I am living with a lie
I feel I have no one wish I die
Messy life, always down
Still fighting, tho it's hard
But light of hope is soon be gone
My existence was a lie
I heard them talk they didn't know
I am crying,
But still their voice
Is echoing over and over
Do you think I was loved?
No! Because I was never theirs
The mother I know is not my Mama
The father I know is not my Papa
Now I know why am always excluded
I want to feel loved even for once Mama, Papa. Can you make this child's selfish wish come true? Even if I am not from your blood.
Do you know I'm always crying because of how my known siblings treat me? They taunt me, laugh at me without reasons, whispering like I am not near to them. But it's okay, as long as I know that you love me, am okay with it.
But my wish was never heard. Because I was not theirs. I am not their blood, I am just me, all alone, crying begging that even for once, I get their love.
I am thinking of a solution if how they will notice me. Am sure they will notice me now. Am sure I will finally be loved. Am sure they will look at me as their blood.
Mama Mama, Papa Papa!!! Can you love me now? Can you treat me as your child now? Am your blood now?
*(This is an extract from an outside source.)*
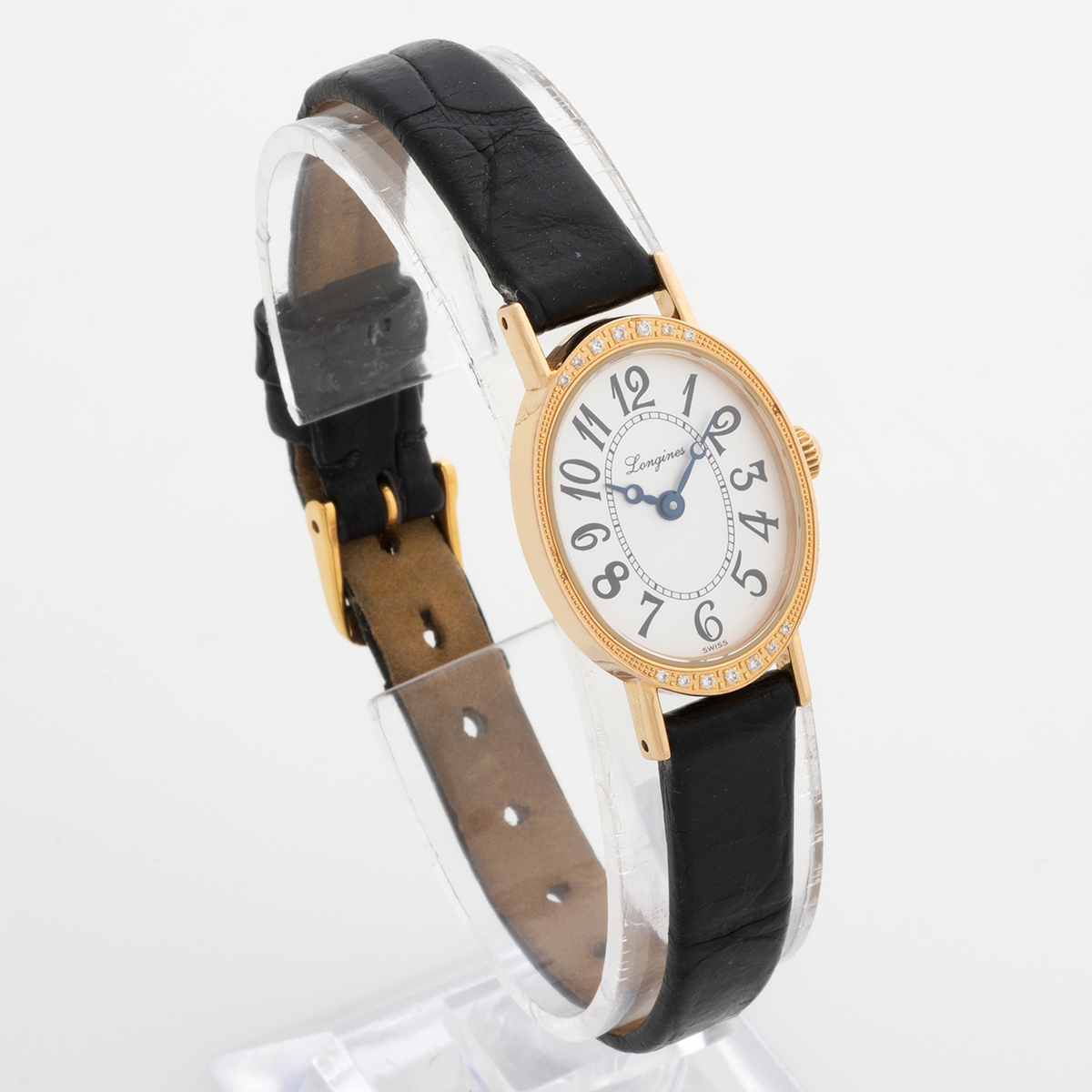 Our attractive ladies Longines Les Ravissantes, reference L5.182.9 is presented in excellent condition. A rare watch, and a homage design to Longines dress watches of the art deco period, this example features a 18mm x 24mm 18k yellow gold oval case set with diamonds and is fitted with its original Longines leather strap (some wear) with Longines gold tone buckle. This quartz Longines comes with service pouch, and we date to circa 2010. Available today at a fraction of what it would have cost new.

I don't know why ther were looking me like that. They are not smiling and I think I did something wrong.
They are not moving, but their eyes become bigger. It's as if I eat their fav'rit cat, but off course I did not
Mama, Papa why? Did I do something wrong? Am your blood now, we can be a happy family now right?
I move closer to Mama, but he push me. I hug my Papa but he shove me. And that's were I know, I really did something bad.
I feel scared
They are crying
I do nothing
I just watch them
And my tears start to pour
I can't get their love
Is something wrong with me
Maybe I need to die first
Maybe they will love me if I die
They will be happy, but I'm gone
I blink my eyes
I let myself cry
I wipe my tears
It stop now
I can end it now
I look at the knife in my hand. It has a lot of blood. I do everything but I never get what I want. So I better stop it now. I gaze at them, I smiled but they were crying. Even in my death, they won't give me their love or even just their smile. They are pouring all of their emotions in crying. I wish they will cry at me like that in my coffin.
I smiled, I hold the knife. And before I struck the knife in my neck, I look at them first lovingly -- and as my eyes is closing while my blood is bursting. I saw them held my little brothers head, unaattached to his body, pale as if the blood was sipped from his body.
"Do you know I'm always crying because of how my known siblings treat me? They taunt me, laugh at me without reasons, whispering like I am not near to them. But it's okay, as long as I know that you love me, am okay with it."
I've been experiencing this since I was a child, there's a question always why they r like that. I can't do anything but to be quiet.